=== Exercise ===
Locate the line bearing "(√6 +√5)² - √120" in the material below, then reproduce it and each following line up to and including the line bearing "上下セット ワッフル メンズ".

=== Available data ===
····················

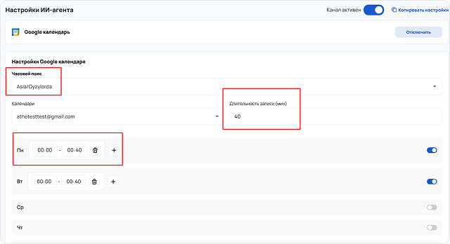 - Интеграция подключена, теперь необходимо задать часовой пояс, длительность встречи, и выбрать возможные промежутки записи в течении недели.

····················

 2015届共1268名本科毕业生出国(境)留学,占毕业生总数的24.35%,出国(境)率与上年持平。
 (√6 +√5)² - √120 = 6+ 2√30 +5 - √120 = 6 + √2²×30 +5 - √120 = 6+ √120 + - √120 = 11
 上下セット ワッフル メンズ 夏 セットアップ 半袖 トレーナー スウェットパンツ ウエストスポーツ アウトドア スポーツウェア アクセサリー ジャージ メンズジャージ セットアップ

····················

=== Answer to this task ===
 (√6 +√5)² - √120 = 6+ 2√30 +5 - √120 = 6 + √2²×30 +5 - √120 = 6+ √120 + - √120 = 11
 上下セット ワッフル メンズ 夏 セットアップ 半袖 トレーナー スウェットパンツ ウエストスポーツ アウトドア スポーツウェア アクセサリー ジャージ メンズジャージ セットアップ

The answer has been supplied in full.